ACTIVITY: Look through the listing below and write out exactly the lines from the line with "Move right in" to the line with "大智慧(601519)低開收穿頭破腳大陽線,受贏家十二宮下跌結構警戒線壓制", both included, and no others.

DATA:
----

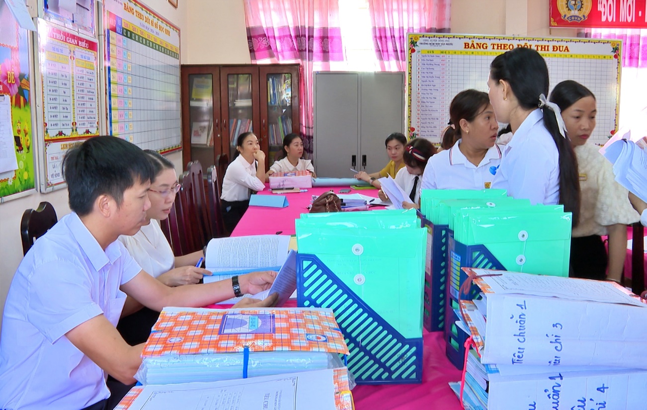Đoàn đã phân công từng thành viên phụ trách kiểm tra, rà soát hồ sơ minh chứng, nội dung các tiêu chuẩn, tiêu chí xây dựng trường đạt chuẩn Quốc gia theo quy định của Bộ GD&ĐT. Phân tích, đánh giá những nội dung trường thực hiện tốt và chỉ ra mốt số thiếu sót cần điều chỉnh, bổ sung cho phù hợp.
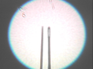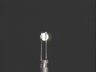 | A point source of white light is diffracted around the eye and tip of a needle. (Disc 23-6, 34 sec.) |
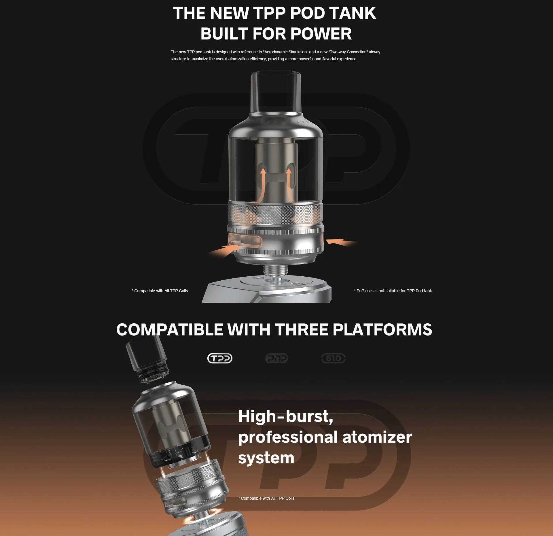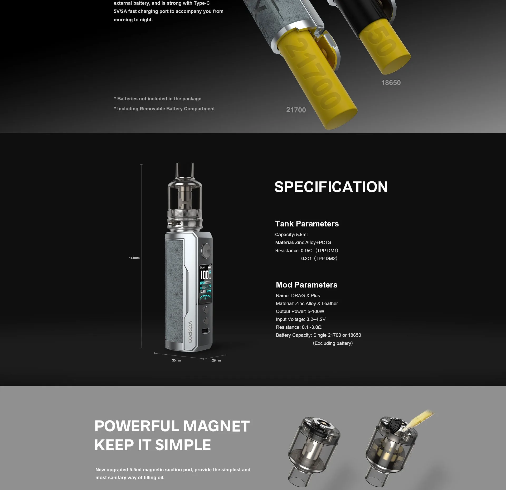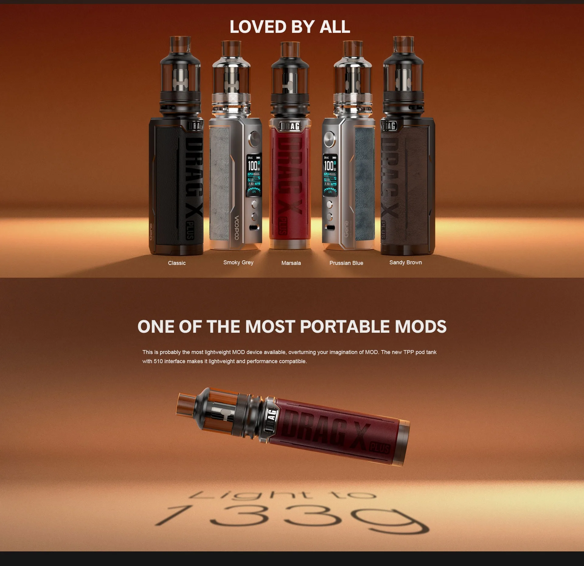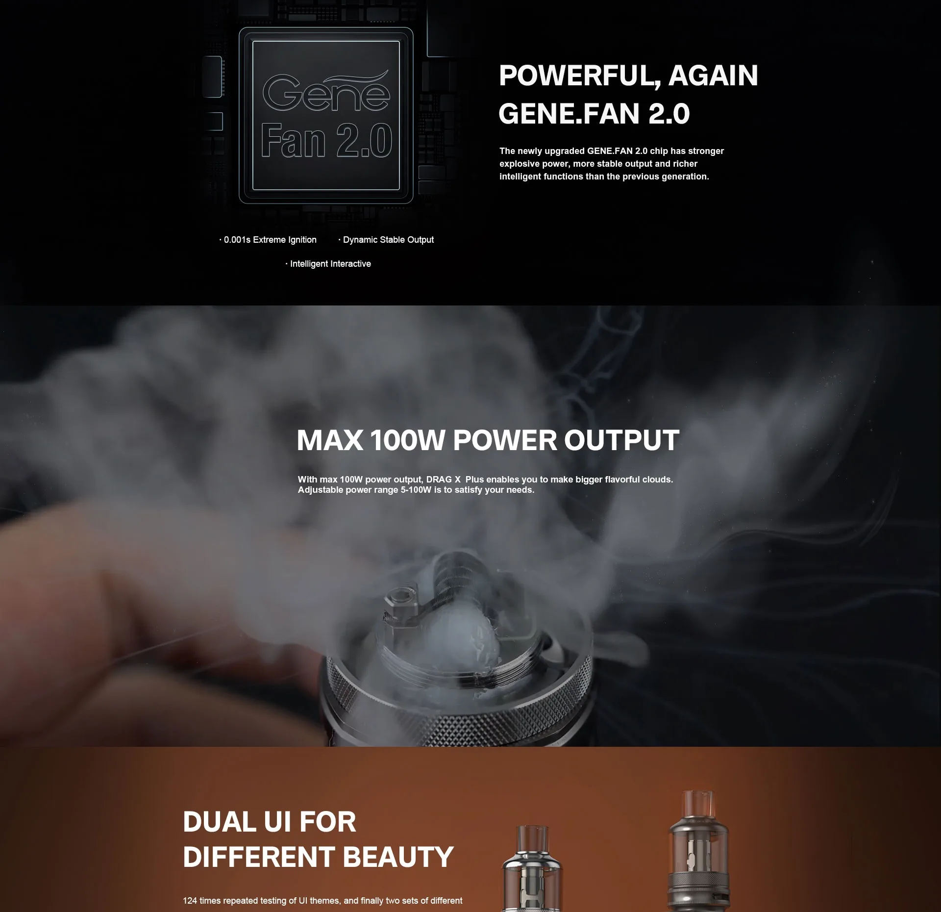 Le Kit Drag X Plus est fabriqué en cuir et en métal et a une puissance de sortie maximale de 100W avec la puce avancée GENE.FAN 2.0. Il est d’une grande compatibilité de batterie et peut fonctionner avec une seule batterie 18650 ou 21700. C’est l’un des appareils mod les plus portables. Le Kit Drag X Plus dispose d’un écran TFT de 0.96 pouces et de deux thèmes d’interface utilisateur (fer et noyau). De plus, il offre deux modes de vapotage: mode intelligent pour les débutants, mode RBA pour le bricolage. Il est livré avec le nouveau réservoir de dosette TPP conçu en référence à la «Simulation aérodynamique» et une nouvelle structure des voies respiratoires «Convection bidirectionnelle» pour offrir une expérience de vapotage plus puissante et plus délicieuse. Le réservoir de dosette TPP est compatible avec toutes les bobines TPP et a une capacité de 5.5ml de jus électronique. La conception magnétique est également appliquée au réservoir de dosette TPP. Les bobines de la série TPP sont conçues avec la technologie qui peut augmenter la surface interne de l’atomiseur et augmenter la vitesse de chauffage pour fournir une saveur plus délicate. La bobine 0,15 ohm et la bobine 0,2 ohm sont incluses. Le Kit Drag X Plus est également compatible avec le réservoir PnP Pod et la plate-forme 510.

----

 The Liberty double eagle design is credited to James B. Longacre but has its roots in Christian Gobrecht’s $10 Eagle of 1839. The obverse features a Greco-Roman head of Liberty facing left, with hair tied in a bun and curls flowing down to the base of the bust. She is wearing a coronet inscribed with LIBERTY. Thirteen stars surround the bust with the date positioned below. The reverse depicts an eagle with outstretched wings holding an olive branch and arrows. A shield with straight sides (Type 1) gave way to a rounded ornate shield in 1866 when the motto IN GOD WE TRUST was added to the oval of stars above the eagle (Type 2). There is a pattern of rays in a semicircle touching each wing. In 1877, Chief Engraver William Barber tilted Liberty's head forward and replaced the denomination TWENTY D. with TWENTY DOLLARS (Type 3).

----

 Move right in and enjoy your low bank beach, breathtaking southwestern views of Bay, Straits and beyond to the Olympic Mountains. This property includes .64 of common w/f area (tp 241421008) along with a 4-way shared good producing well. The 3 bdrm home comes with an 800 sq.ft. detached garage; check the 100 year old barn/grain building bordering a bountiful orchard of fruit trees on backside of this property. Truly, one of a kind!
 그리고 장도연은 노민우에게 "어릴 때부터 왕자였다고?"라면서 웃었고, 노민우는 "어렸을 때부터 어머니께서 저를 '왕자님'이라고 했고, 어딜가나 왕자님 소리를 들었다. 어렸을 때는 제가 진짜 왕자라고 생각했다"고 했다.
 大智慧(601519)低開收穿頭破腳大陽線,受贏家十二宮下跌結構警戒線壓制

----

SOLVED EXERCISE:
 Move right in and enjoy your low bank beach, breathtaking southwestern views of Bay, Straits and beyond to the Olympic Mountains. This property includes .64 of common w/f area (tp 241421008) along with a 4-way shared good producing well. The 3 bdrm home comes with an 800 sq.ft. detached garage; check the 100 year old barn/grain building bordering a bountiful orchard of fruit trees on backside of this property. Truly, one of a kind!
 그리고 장도연은 노민우에게 "어릴 때부터 왕자였다고?"라면서 웃었고, 노민우는 "어렸을 때부터 어머니께서 저를 '왕자님'이라고 했고, 어딜가나 왕자님 소리를 들었다. 어렸을 때는 제가 진짜 왕자라고 생각했다"고 했다.
 大智慧(601519)低開收穿頭破腳大陽線,受贏家十二宮下跌結構警戒線壓制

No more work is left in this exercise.